Os promotores de Justiça Francisca Paula Morais da Gama, titular do 1º cargo, e Luciano Augusto Araújo da Costa, do 2º cargo, instauraram Procedimento Investigatório em agosto deste ano contra a então delegada da comarca.

O procedimento foi instaurado após notícias de fato levadas ao Ministério Público do Pará (MPPA). Dentre esses, chegou ao conhecimento da Promotoria de Justiça de Monte Alegre possíveis irregularidades na condução do IPL nº 69/2019.000301-5, informação que foi ratificada pelo Centro de Pericias Renato Chaves - Unidade de Santarém.

Houve protocolo de dois pedidos de análises de entorpecentes em datas diferentes naquele centro, apreendidos nos autos do IPL conduzido pela investigada. Além desses, outras irregularidades praticadas pela delegada no exercício de suas funções foram denunciadas e apuradas.

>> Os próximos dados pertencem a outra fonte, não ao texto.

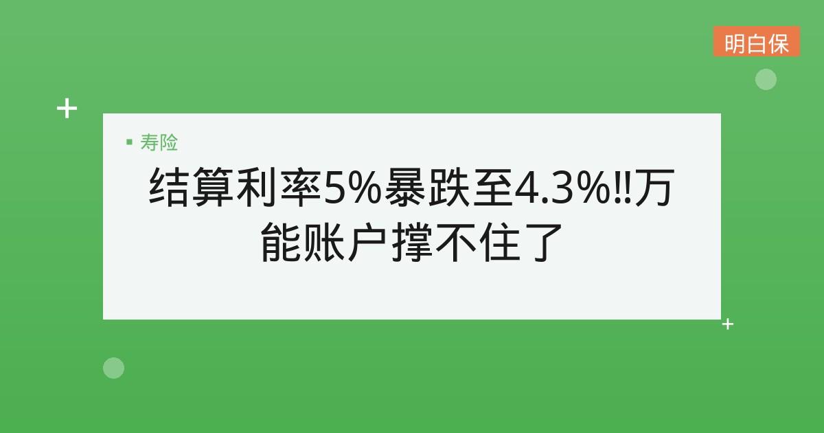 结算利率5%暴跌至4.3%‼️万能账户撑不住了 寿险预定利率是否会调整,官方还没有定论,但万能账户貌似已经撑不住了! 保通平台对接的万能账户有数十款,挑选其中40款,对... 📅 2026-01-22 👁 31
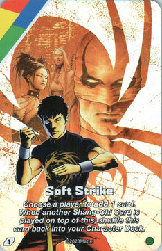 Always thinking on his feet, Shang-Chi uses his mastery of the martial arts to perform devastating combo attacks. Try to change the color to maximize Shang-Chi's Character Power or chain Wild Cards together to make powerful combinations! Remember, when changing the color to use your Character Power to look at the top 3 cards of the Character Deck - you don't have to always play another card.
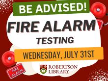 Attention patrons: there will be a test of our fire alarm system Wednesday, July 31st.

Em 24 de setembro deste ano o Ministério Público requereu e a justiça deferiu no dia 22 de outubro, o pedido de busca e apreensão criminal e medidas cautelares diversas da prisão, em desfavor da delegada. As medidas cumpridas no dia 20 de novembro foram: proibição de frequentar a Delegacia de Monte Alegre e de manter contato com seus servidores; proibição de manter contato com as pessoas envolvidas, direta ou indiretamente, nas investigações, e o afastamento cautelar imediato do cargo de Delegada, com proibição de exercer suas funções em qualquer outra Delegacia de Polícia Civil do Estado do Pará, pelo prazo de 120 dias. Também foi cumprido o pedido de busca e apreensão na sede da Corregedoria de Polícia Civil em Santarém, em especial na sala utilizada pela investigada, e na residência dela em Santarém.

A promotoria ressalta que a investigada é contumaz nos atos ilegais expostos na requisição das cautelares. Em janeiro deste ano, nos autos de outro processo, houve decisão judicial ordenando a suspensão da função pública de delegada que ela exercia na Delegacia Especializada de Atendimento à Mulher (DEAM) em ltaituba, e também a proibição de frequentar a delegacia e de manter contato com as testemunhas do caso, em virtude de graves suspeitas de cometimento de crime de corrupção passiva.